Segment Start: DATASET EXCERPT

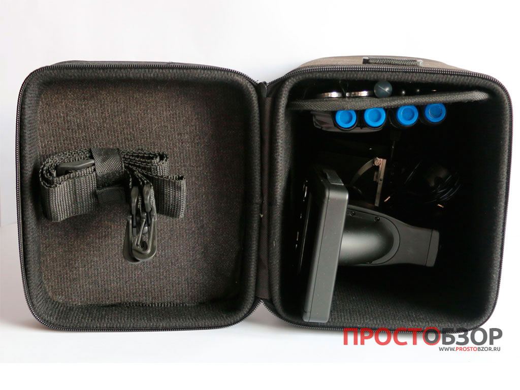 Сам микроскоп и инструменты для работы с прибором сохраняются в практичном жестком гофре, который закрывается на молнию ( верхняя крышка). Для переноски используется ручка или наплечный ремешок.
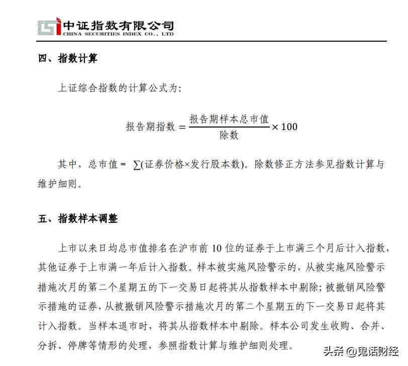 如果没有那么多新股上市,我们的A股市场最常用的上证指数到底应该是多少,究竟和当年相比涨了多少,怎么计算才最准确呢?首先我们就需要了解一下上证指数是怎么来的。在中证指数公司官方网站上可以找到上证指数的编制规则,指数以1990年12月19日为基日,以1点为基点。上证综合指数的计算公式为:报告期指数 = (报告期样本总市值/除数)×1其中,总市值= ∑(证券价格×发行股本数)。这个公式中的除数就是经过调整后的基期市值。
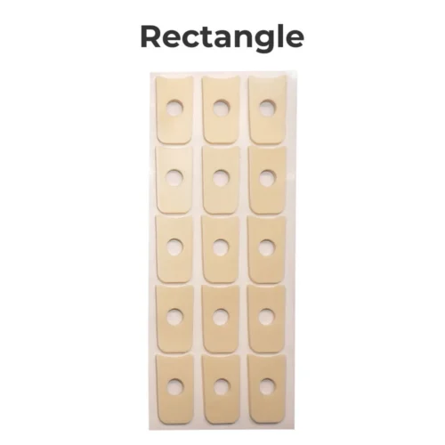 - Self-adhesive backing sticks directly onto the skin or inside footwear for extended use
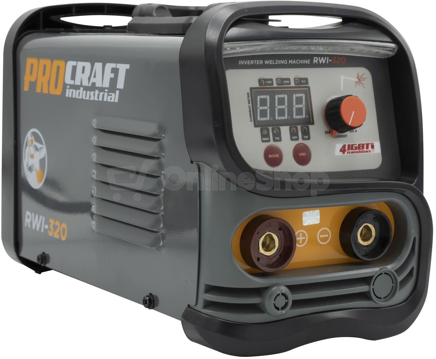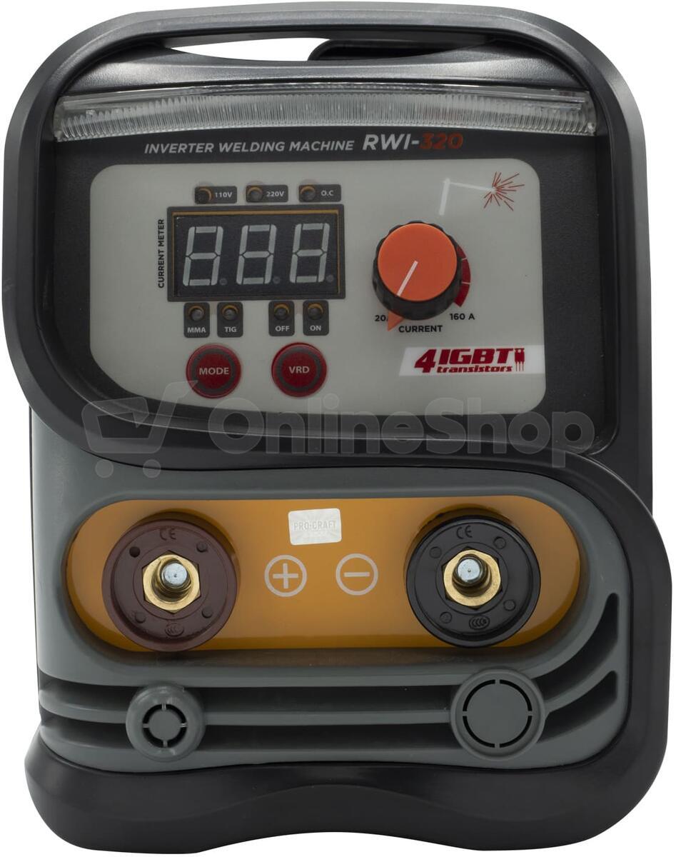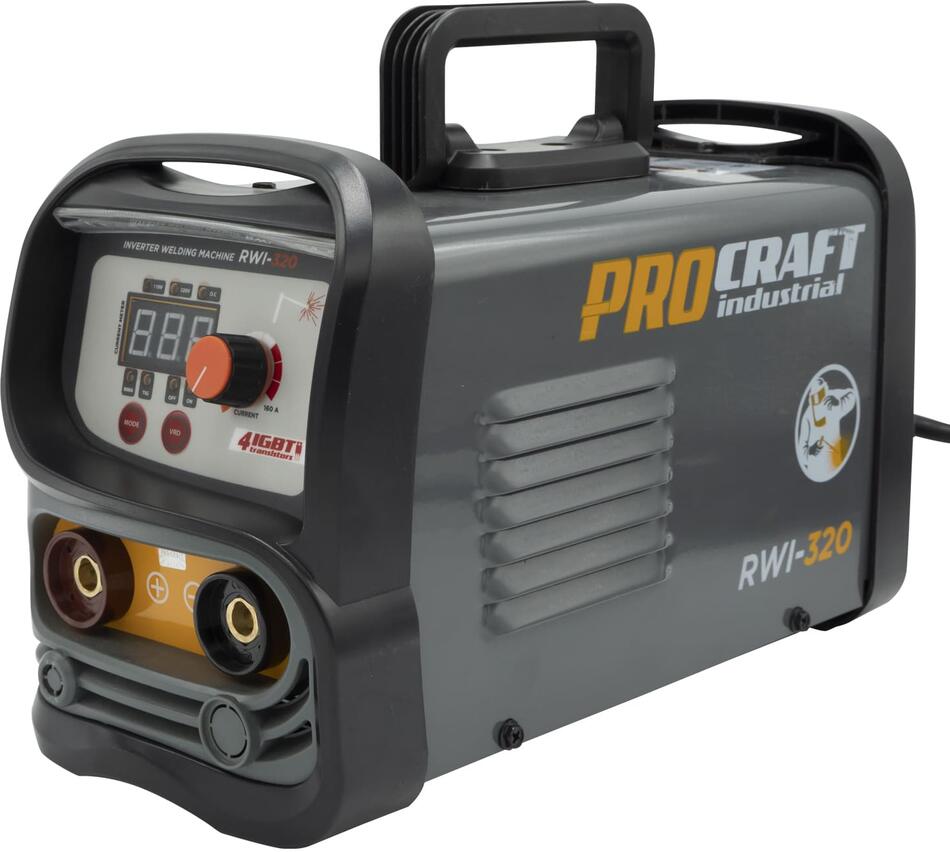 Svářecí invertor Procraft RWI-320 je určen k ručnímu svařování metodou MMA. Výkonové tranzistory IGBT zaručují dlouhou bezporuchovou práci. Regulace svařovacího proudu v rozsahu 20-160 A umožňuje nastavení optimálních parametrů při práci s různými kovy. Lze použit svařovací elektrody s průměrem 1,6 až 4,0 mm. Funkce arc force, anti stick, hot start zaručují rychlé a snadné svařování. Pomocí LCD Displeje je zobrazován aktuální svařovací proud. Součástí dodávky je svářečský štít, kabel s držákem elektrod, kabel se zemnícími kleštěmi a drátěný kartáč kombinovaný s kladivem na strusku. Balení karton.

Segment End: DATASET EXCERPT

* GOAL OF THE EXERCISE: Pictures are to be omitted; otherwise, write out the data exactly as it appears.

* OUTPUT OF THE EXERCISE:
 Сам микроскоп и инструменты для работы с прибором сохраняются в практичном жестком гофре, который закрывается на молнию ( верхняя крышка). Для переноски используется ручка или наплечный ремешок.
 如果没有那么多新股上市,我们的A股市场最常用的上证指数到底应该是多少,究竟和当年相比涨了多少,怎么计算才最准确呢?首先我们就需要了解一下上证指数是怎么来的。在中证指数公司官方网站上可以找到上证指数的编制规则,指数以1990年12月19日为基日,以1点为基点。上证综合指数的计算公式为:报告期指数 = (报告期样本总市值/除数)×1其中,总市值= ∑(证券价格×发行股本数)。这个公式中的除数就是经过调整后的基期市值。
 - Self-adhesive backing sticks directly onto the skin or inside footwear for extended use
 Svářecí invertor Procraft RWI-320 je určen k ručnímu svařování metodou MMA. Výkonové tranzistory IGBT zaručují dlouhou bezporuchovou práci. Regulace svařovacího proudu v rozsahu 20-160 A umožňuje nastavení optimálních parametrů při práci s různými kovy. Lze použit svařovací elektrody s průměrem 1,6 až 4,0 mm. Funkce arc force, anti stick, hot start zaručují rychlé a snadné svařování. Pomocí LCD Displeje je zobrazován aktuální svařovací proud. Součástí dodávky je svářečský štít, kabel s držákem elektrod, kabel se zemnícími kleštěmi a drátěný kartáč kombinovaný s kladivem na strusku. Balení karton.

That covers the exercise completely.